Re: [PATCH] genirq/msi: Shutdown managed interrupts with unsatifiable affinities

From: Marc Zyngier
Date: Tue Mar 15 2022 - 05:47:36 EST


On Mon, 14 Mar 2022 19:03:49 +0000,
Thomas Gleixner <tglx@xxxxxxxxxxxxx> wrote:
>
> On Mon, Mar 14 2022 at 16:00, Marc Zyngier wrote:
> > On Mon, 14 Mar 2022 15:27:10 +0000,
> > Thomas Gleixner <tglx@xxxxxxxxxxxxx> wrote:
> >>
> >> On Mon, Mar 07 2022 at 19:06, Marc Zyngier wrote:
> >> > When booting with maxcpus=<small number>, interrupt controllers
> >> > such as the GICv3 ITS may not be able to satisfy the affinity of
> >> > some managed interrupts, as some of the HW resources are simply
> >> > not available.
> >>
> >> This is also true if you have offlined lots of CPUs, right?
> >
> > Not quite. If you offline the CPUs, the interrupts will be placed in
> > the shutdown state as expected, having initially transitioned via an
> > activation state with an online CPU. The issue here is with the
> > initial activation of the interrupt, which currently happens even if
> > no matching CPU is present.
>
> Yes. But if you load the driver _after_ offlining lots of CPUs first
> then the same thing should happen, right?

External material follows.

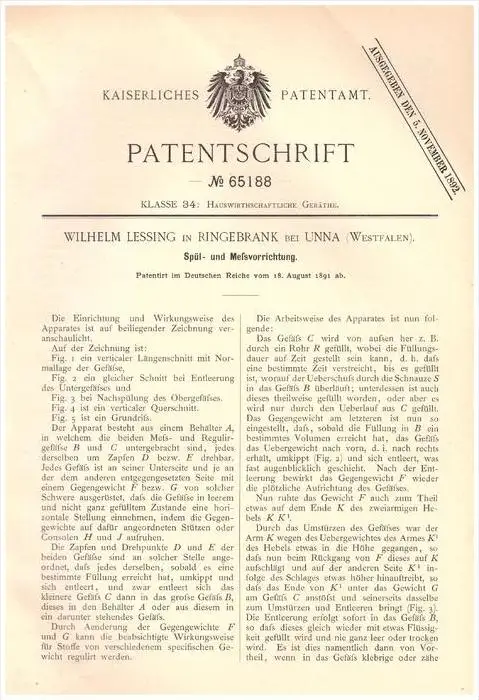 Original Patentschrift - Wilhelm Lessing in Ringebrank b. Unna , 1891 , Spül- und Meßvorrichtung , Apparat !!!

Ah! yes, that's the exact same problem (modular drivers? that's an
idea that will never catch on...).

>
> >> > + /*
> >> > + * If the interrupt is managed but no CPU is available
> >> > + * to service it, shut it down until better times.
> >> > + */
> >> > + if ((vflags & VIRQ_ACTIVATE) &&
> >> > + irqd_affinity_is_managed(irqd) &&
> >> > + !cpumask_intersects(irq_data_get_affinity_mask(irqd),
> >> > + cpu_online_mask)) {
> >> > + irqd_set_managed_shutdown(irqd);
> >>
> >> Hrm. Why is this in the !CAN_RESERVE path and not before the actual
> >> activation call?
> >
> > VIRQ_CAN_RESERVE can only happen as a consequence of
> > GENERIC_IRQ_RESERVATION_MODE, which only exists on x86. Given that x86
> > is already super careful not to activate an interrupt that is not
> > immediately required, I though we could avoid putting this check on
> > that path.
> >
> > But if I got the above wrong (which is, let's face it, extremely
> > likely), I'm happy to kick it down the road next to the activation
> > call.
>
> I just rechecked. Yes, we could push it there, but actually on x86 the
> reservation mode activation sets the entry to a spurious catch all on an
> online CPU, which is intentional.
>
> So yes, we can keep it where it is now, but that needs a comment.

Yup, I'll add that.

Thanks,

M.

--
Without deviation from the norm, progress is not possible.